There are three fundamental control structures:

Sequence

a = 1
b = 2
c = a + b

Conditions

if (a != b) {
  c = a + b
} else {
  c = a - b
}

Iterations/loops

for (a <- array) {
  println(a)
}

So, I guess they mean that internally many languages use closures for control structures (you can look the last two structures).

As an example:

if (a < b) {
  for (i = a; a < b; a++) {
    println(i)
    c = i * i
  }
} else {
  c = a - b
}

So for is a closure inside the if closure, and else is a closure too. That's how I understand it. They create a closure for the first if if the condition is true, create the closure inside the braces, call it. Then create a closure for the for loop and call it while the condition is true.

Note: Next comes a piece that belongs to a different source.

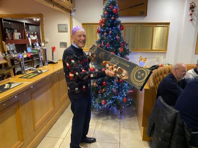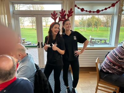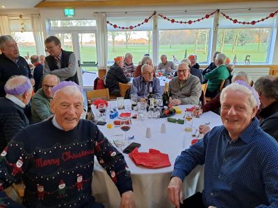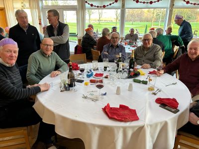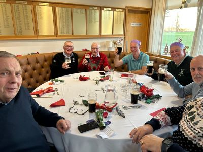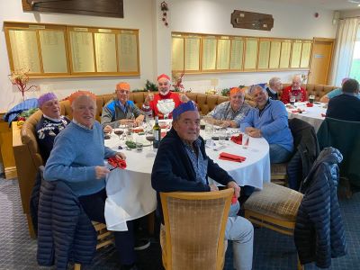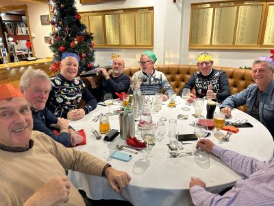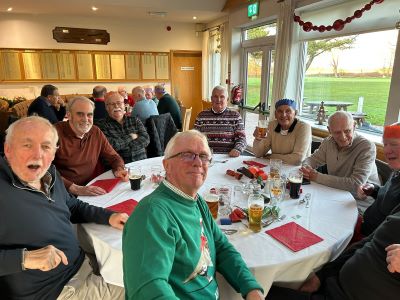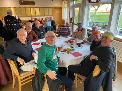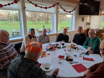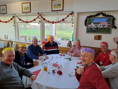 No golf before our Christmas do! The course was closed for the day to avoid the possibility of contracting trench foot on a waterlogged track. As we didn’t have to chop our way through the mud all our energy could be diverted to carousing in the clubhouse. Top marks to Paul Foster for keeping his party hat on well into the evening. I’m sure that everyone who attended will agree that it was a first-class event. Great food, wonderful companionship and a chance to get to know each other better. It’s far easier to communicate with your fellow seniors when you’re sat next to each other, rather than having to shout across an unused fairway from your side of the rough. I’ve put a few photographs of some of the more photogenic attendees below.
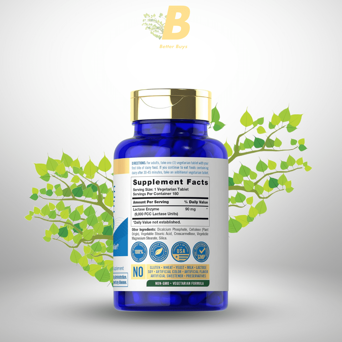 Lactase Enzyme (9,000 FCC Lactase Units per tablet, from Aspergillus oryzae): Breaks down lactose for digestion, daily value not established.

And I guess there is no list of languages which use closures internally.

Update:

Just as an example, this is how you can implement your own for loop in Scala (o is cyrillic, so it will compile):

def fоr(start: Unit, condition: => Boolean, increment: => Unit)(body: => Unit): Unit = {
  if (condition) {
    body
    increment
    fоr(0, condition, increment)(body)
  }
}

var i = 0

fоr (i = 0, i < 1000, i += 1) {
  print(i + " ")
}

So actually this is how it can be implemented in other languages on the inner level.


I would say that "closures are such a powerful abstraction..." because unlike standard methods, you have a reference to the calling object, regardless of the scope in which the closure has been called.

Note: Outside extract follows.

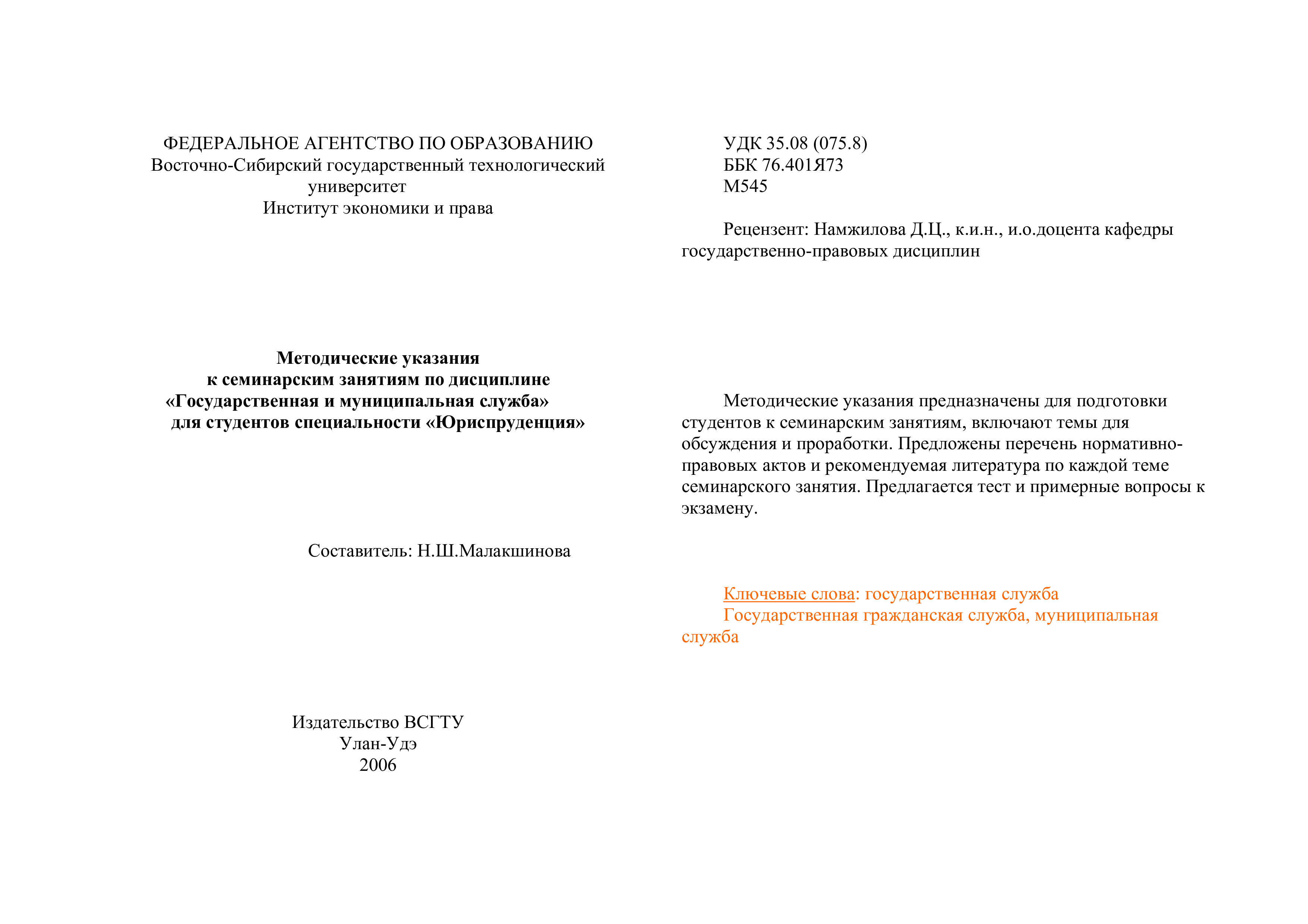"Государственная и муниципальная служба: Методические указания к семинарским занятиям для студентов специальности ''Юриспруденция''" - читать интересную книгу автора

In Groovy, for example, you can add a new method, "capitalize" to String type:

String.metaClass.capitalize = {  
    delegate[0].upper() + delegate[1..-1].lower()  
}   
"hello".capitalize() // "Hello"

Or, you can do something more complex, like create a domain specific language (DSL) using closures.

class ClosureProps {

       Map props = [:]  
       ClosureProps(Closure c) {  
           c.delegate = this // pass closure scope to "this"
           c.each{"$it"()} // iterate through closure, triggering missingMethod()
       }  
       def methodMissing(String name, args) {  
           props[name] = args.collect{it} // collect extracted closure properties
       }  
       def propertyMissing(String name) {  
           name  
       }  
}  

Example

class Team {

        // the closure
        static schema = {  
            table team  
            id teamID  
            roster column:playerID, cascade:[update,delete]  
        }  
}  
def c = new ClosureProps(Team.schema)  
println c.props.id // prints "teamID"


a) Please try at least googling topics before asking questions.

b) Once you have done that, please ask specific questions.

c) Lexical closures are functions that have access to a lexical environment not available where they are invoked. As such, their parameters can be used to select messages, and pass parameters with those messages. For general control structures, they are not sufficient, unless they can affect the call stack, in the manner of continuations.